Vital capacity, respiratory muscle strength, and pulmonary gas exchange during long-duration exposure to microgravity

Abstract

Extended exposure to microgravity (μG) is known to reduce strength in weight-bearing muscles and was also reported to reduce respiratory muscle strength. Short- duration exposure to μG reduces vital capacity (VC), a surrogate measure for respiratory muscle strength, for the first few days, with little change in O2 uptake, ventilation, or end-tidal partial pressures.

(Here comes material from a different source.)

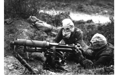
Battle of the Somme 1916. Note the early version of the poison gas mask.

Accordingly we measured VC, maximum inspiratory and expiratory pressures, and indexes of pulmonary gas exchange in 10 normal subjects (9 men, 1 woman, 39–52 yr) who lived on the International Space Station for 130–196 days in a normoxic, normobaric atmosphere. Subjects were studied four times in the standing and supine postures preflight at sea level at 1 G, approximately monthly in μG, and multiple times postflight. VC in μG was essentially unchanged compared with preflight standing [5.28 ± 0.08 liters (mean ± SE), n = 187; 5.24 ± 0.09, n = 117, respectively; P = 0.03] and considerably greater than that measured supine in 1G (4.96 ± 0.10, n = 114, P < 0.001). There was a trend for VC to decrease after the first 2 mo of μG, but there were no changes postflight. Maximum respiratory pressures in μG were generally intermediate to those standing and supine in 1G, and importantly they showed no decrease with time spent in μG. O2 uptake and CO2 production were reduced (∼12%) in extended μG, but inhomogeneity in the lung was not different compared with short-duration exposure to μG. The results show that VC is essentially unchanged and respiratory muscle strength is maintained during extended exposure to μG, and metabolic rate is reduced.